One overarching critical question about health care reform is, “What exactly should government’s role be in the American health care system?”

This is a complex question, and your answer to this question—perhaps more than any other aspect of the issue—probably determines how you feel about the Patient Protection and Affordable Act (PPACA). Whatever else the new law does or doesn’t do, one thing is certain: It significantly changes the government’s role in U.S. health care.

Let’s consider the possibilities—all of which exist in varying degrees and combinations around the globe:

  • Minimal Role—Governments of less-developed nations often play a minimal role in regulating and providing health care.
  • Safety Regulator—For safety and health, governments at the regional or national level often license health care providers and regulate medicine and medical devices.
  • Purchaser and Partial Provider of Health Care Services—Governments, including the U.S. federal government, often provide health insurance benefits as employers. Governments may also directly provide or pay for medical services to certain groups of people, such as the elderly, active military personnel, or veterans.
  • Marketplace Regulator—In some nations, government tightly regulates the business practices of the health care system and even requires residents to purchase health insurance.
  • Primary or Sole Provider of Health Care—Elsewhere, governments operate national health care systems, often funded directly by taxation. Also known as single-payer systems, the government in these systems is the sole provider of health insurance coverage and may also manage many aspects of health care delivery. Health care providers may be government employees, and hospitals government-run.

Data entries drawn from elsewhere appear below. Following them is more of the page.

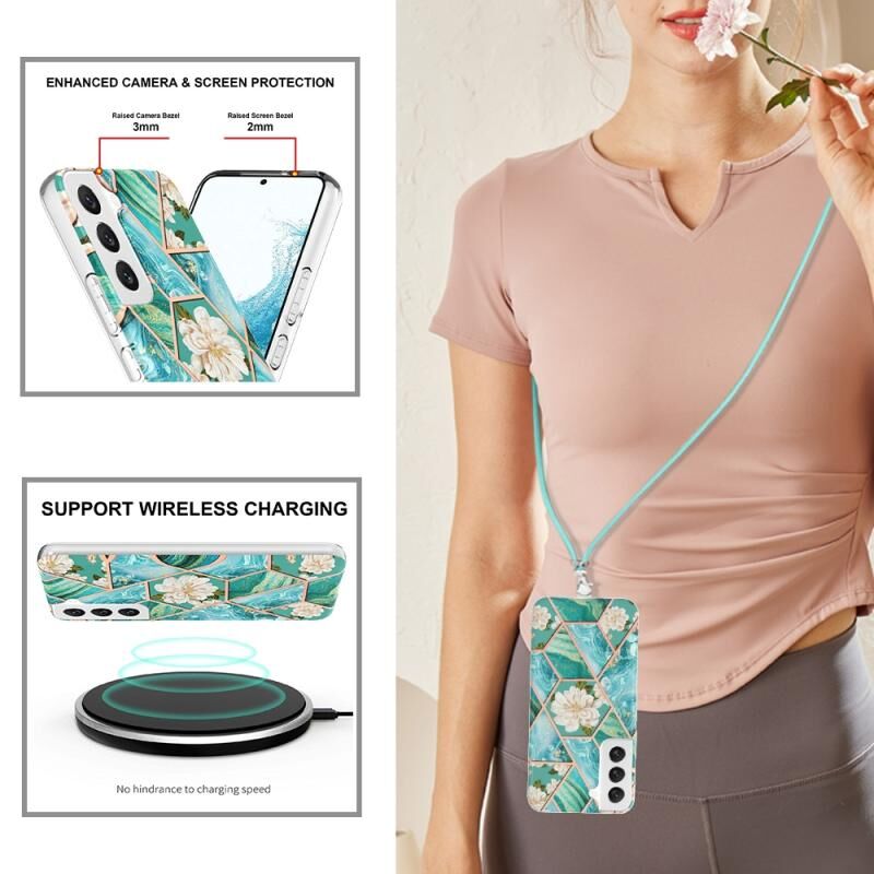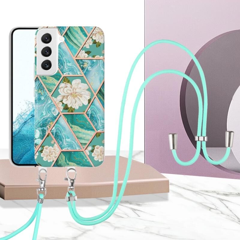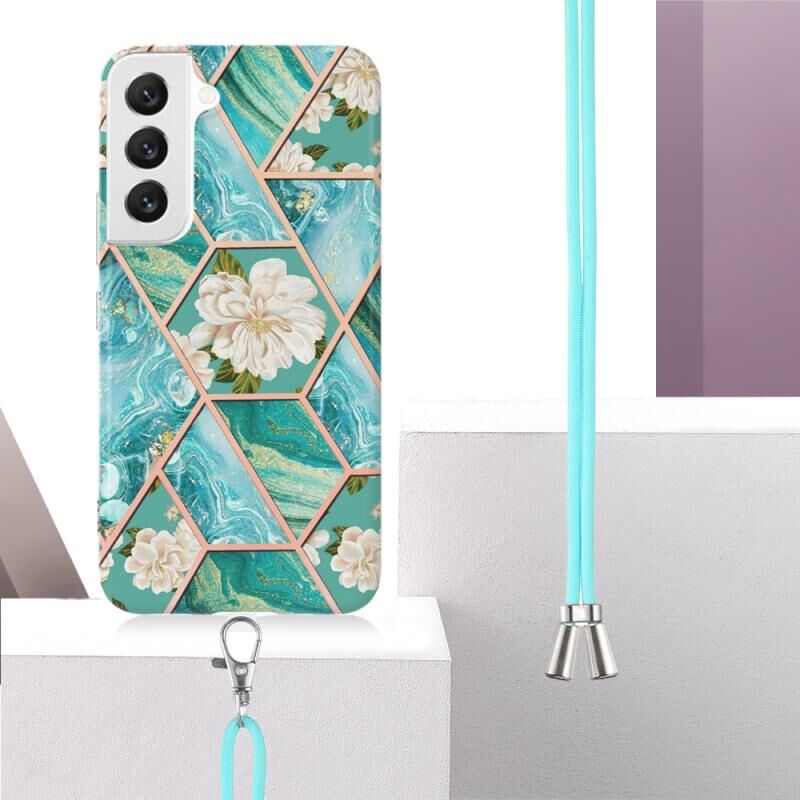 For Samsung Galaxy S23 5G Splicing Marble Flower IMD TPU Phone Case with Lanyard(Blue Flower)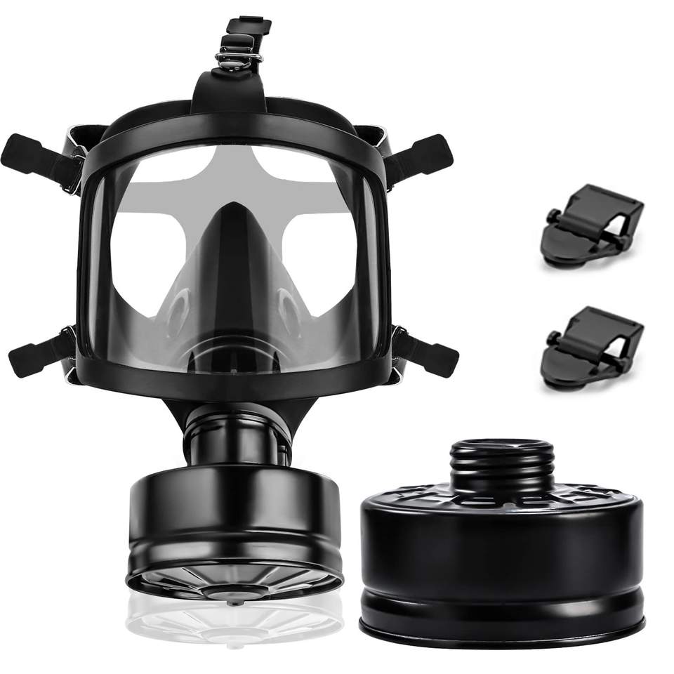 Masque à gaz à large champ de vision Filtre auto-amorçant noir monté sur la tête Fire Volcano Masque complet anti-fumée et anti-poussière Anti-gaz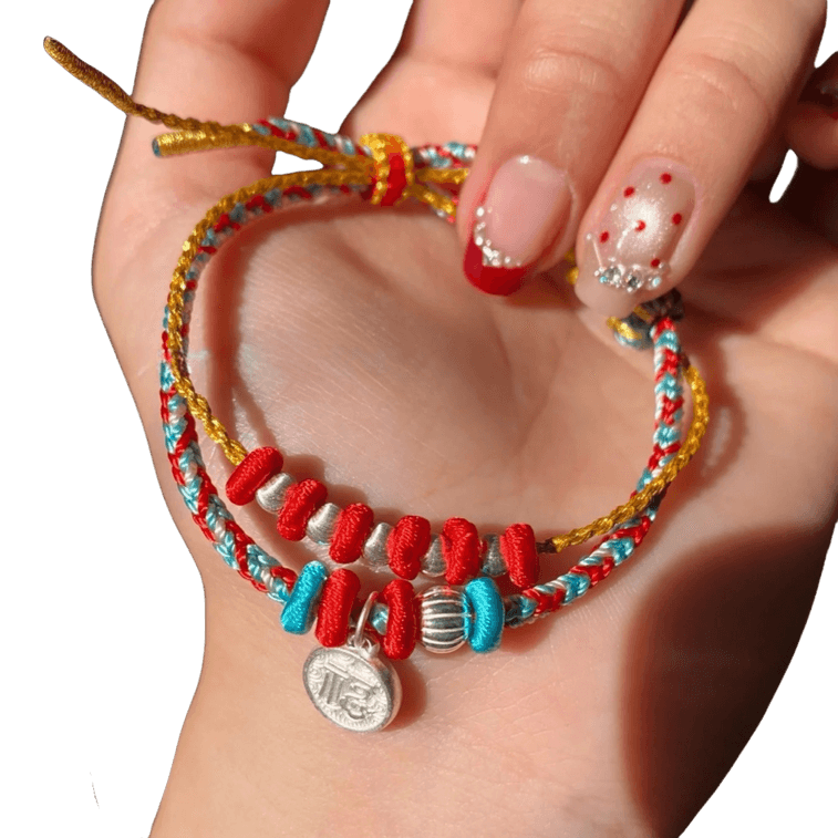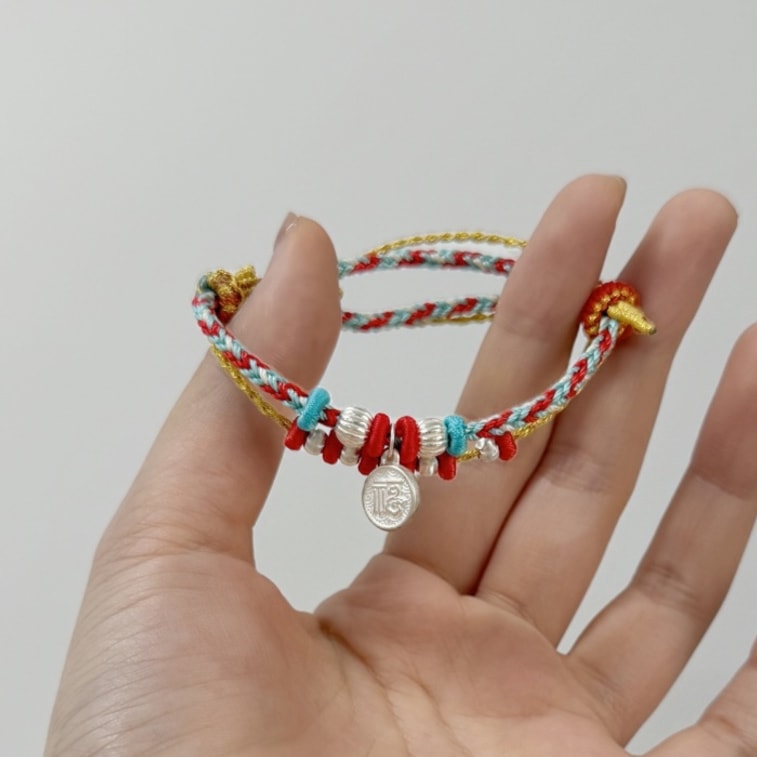 【五福臨門】925純銀五彩繩新年本命年紅手繩手鍊 非遺古法編製 稱心如意護身符 本命年祈福飾品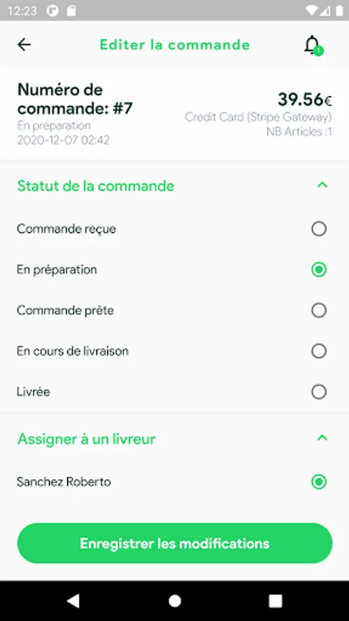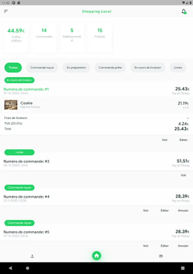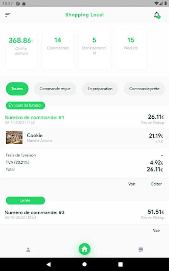 The Shopping Local Gestion application then allows you to receive orders made on your store. You can change the status of the order based on its processing. Once ready, the order can be delivered to a delivery person (who will receive a notification via the Shopping Local Delivery Delivery application) or made available to the customer if he has chosen Click & Collect.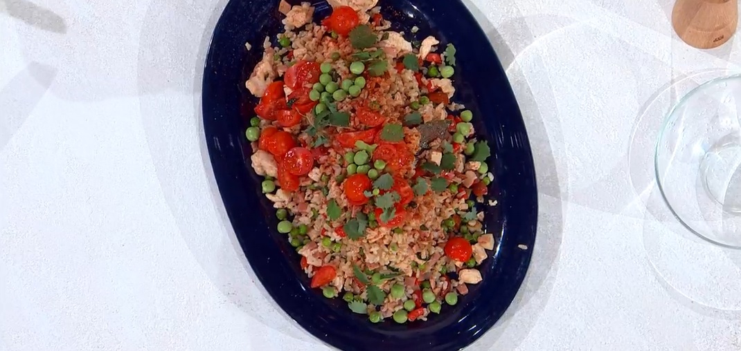 In una padella ben calda, mettiamo a rosolare il prosciutto cotto a dadini. Dopo qualche istante, uniamo il peperone pulito e tagliato a dadini piccoli e, a seguire, il pollo a dadini (piccoli come quelli del peperone. Aggiungiamo un filo d’olio e continuiamo a far rosolare a fiamma alta. Profumiamo con il prezzemolo tritato ed aggiungiamo i piselli sbollentati in precedenza e continuiamo a cuocere. Uniamo il formaggio grattugiato ed il riso e saltiamo qualche istante. Finiamo con le erbe aromatiche, la paprika affumicata e serviamo con sopra i pomodorini freschi a spicchi.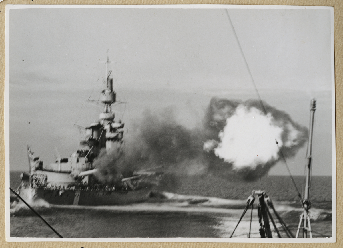 Bilden visar pansarskeppet Sverige med neutralitetstecken som avfyrar sina kanoner.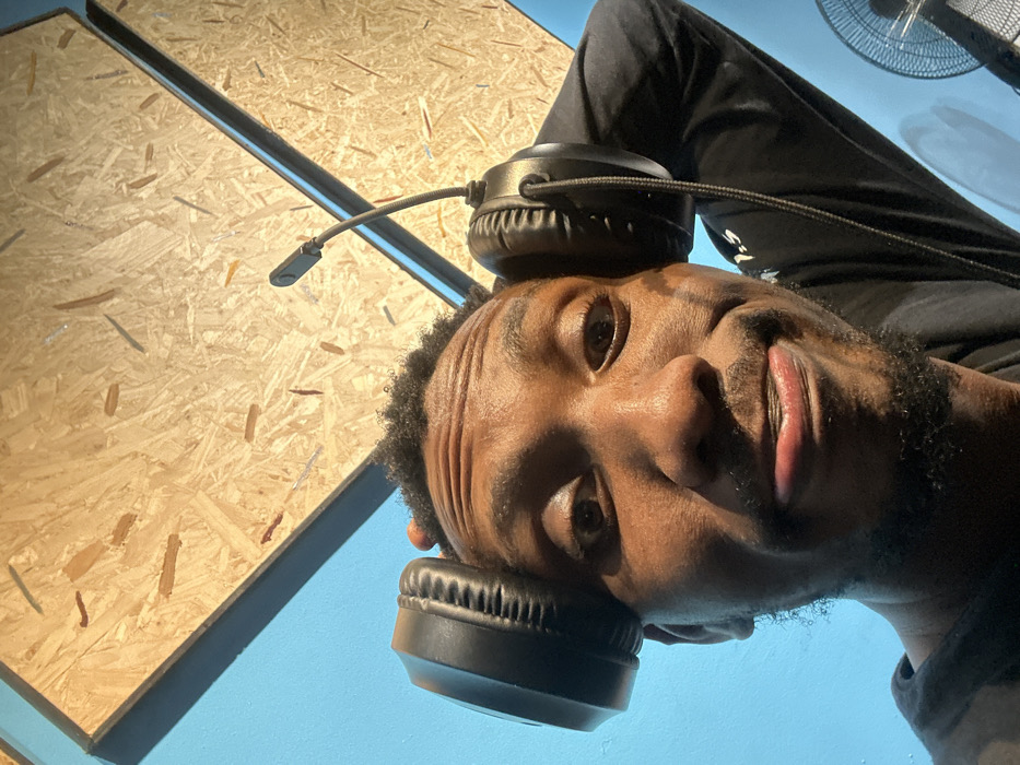 A selfie shot from a low angle depicts a dark-skinned individual, appearing male, centered in the frame. He has short, curly black hair and a neatly trimmed short beard and mustache. His facial expression includes wide-open eyes, raised eyebrows causing visible forehead wrinkles, and pursed lips. He wears a black long-sleeved shirt. Black over-ear headphones are positioned with the earcups resting on his head just above his ears; the right earcup (viewer's left) has a flexible microphone boom arm extending upwards. The background is divided: the lower portion on the left and right sides consists of a solid light blue wall. The upper portion features an angled ceiling or wall panel constructed from Oriented Strand Board (OSB), characterized by its coarse wood flake composition, framed by dark beams. Faint reddish-brown markings are visible on the OSB surface. A partially visible metallic fan grille is present in the lower right background, indicating a standing fan. The specific location within Abuja, Nigeria, cannot be identified from the visual information provided in the image.

Most Americans recognize the need for some level of medical safety regulation. It also makes sense for government agencies to provide employees with health insurance benefits, just like many private-sector employers.

Before PPACA, U.S. and state governments played the roles of safety regulator, purchaser and partial provider, and limited marketplace regulator. The new health care reform law, if fully implemented, will drastically change the government’s role in health care.

Lawmakers originally wanted the federal government to become the central provider of health insurance. As enacted, the health care law does not go this far, but it does make government into a large-scale regulator of the health care marketplace. Because PPACA threatens market-based competition, quality, and innovation, while limiting choices and options for American consumers, it is, arguably, a dramatic first step towards a single-payer system in which the government could become the sole provider of health care insurance and services.